Oral Interview with Sidi Schaffer for the JMABC Artists Scribe. Interviewed by Daniella Givon. Sidi goes over her family history in Romania, where she was born, and across Eastern Europe, and then details her immediate family in Canada. Sidi describes her artistic influences from her parents who were professional photographers after WWII, especially her mother who encouraged her to do art. Being born in 1938, some of Sidi’s earliest childhood memories are of fleeing from the Holocaust with her family. Sidi found art to be an escape from personal traumas, which eventually took her to art school in Bucharest where she met her husband, David. Sidi describes her and David’s time living in Israel, and eventually moving to Edmonton where she pursued more formal arts education. Sidi describes opportunities to show her printmaking and painted works, and teach arts across Canada. She also describes inspiration from nature, freedom of expression, and memories of the Holocaust. She outlines how the Gesher Project helped her develop as a Jewish artist, and how she produces Judaic influenced art with her sister.

Cynthia Minden

Oral Interview with Cynthia Minden for the JMABC Artists Scribe. Interviewed by Bill Gruenthal via remote Zoom call.
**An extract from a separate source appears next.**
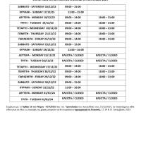 Το Σάββατο 10 Δεκεμβρίου 2022 ξεκινά η εφαρμογή του χριστουγεννιάτικου εορταστικού ωραρίου των εμπορικών καταστημάτων της Αλεξανδρούπολης. Όσον αφορά τις Κυριακές 11 και 18 Δεκεμβρίου, τα καταστήματα μπορούν να λειτουργήσουν προεραιτικά, σύμφωνα με το Άρθρο 16 του Νόμου 4177/2013 και την Τροπολογία που κατατέθηκε στις 17/12/2014. Ακολουθεί...

Cynthia was born in Toronto in 1953 and describes growing up into a family full of musicians, including her parents, who also admired visual arts. She talks about her professional background in classical music as a flautist where she was a member of ensembles, a music teacher, and an arts administrator. Cynthia speaks about her brothers moving to Vancouver and her love of rural living as inspiration for her to move from Toronto to Denman Island. Cynthia discusses her beginnings as an artist through making baskets and subsequently sculpture, collage, surface design, and other art forms. She talks about translating her art practice into therapeutic work through equine facilitated wellness, where people can connect with nature and do be guided through art projects. She speaks about her work in exhibits including the political inspiration behind her pieces: from themes of refugees and migration to environmentalism and making art from reclaimed objects.

Stacey Lederman

Oral Interview with Stacey Lederman for the JMABC Artists Scribe. Interviewed by Perry Seidelman. Stacey talks briefly about her family history and growing up in Tsawwassen. Her post-secondary education led her to working in business and finance, but having children changed her career path after not working for more than a decade. Stacey discusses her introduction to recreational art classes in Vancouver and how attention from peers quickly saw her realize her talent, and also book her first art show. She describes her work as mixed-media, which includes using different mediums such as acrylics, ink, resin, and photography. Stacey talks about how she is drawn to edgy, colourful pieces including graffiti which can be seen in her own art pieces. Stacey talks about the artists who inspire her as the motivations behind her pieces. Stacey discusses the theme of hearts in her work, art crawls, and her favourite pieces of work. She speaks about how visiting Israel inspired her, and how things like real life, emotion and intuition informs her art practice.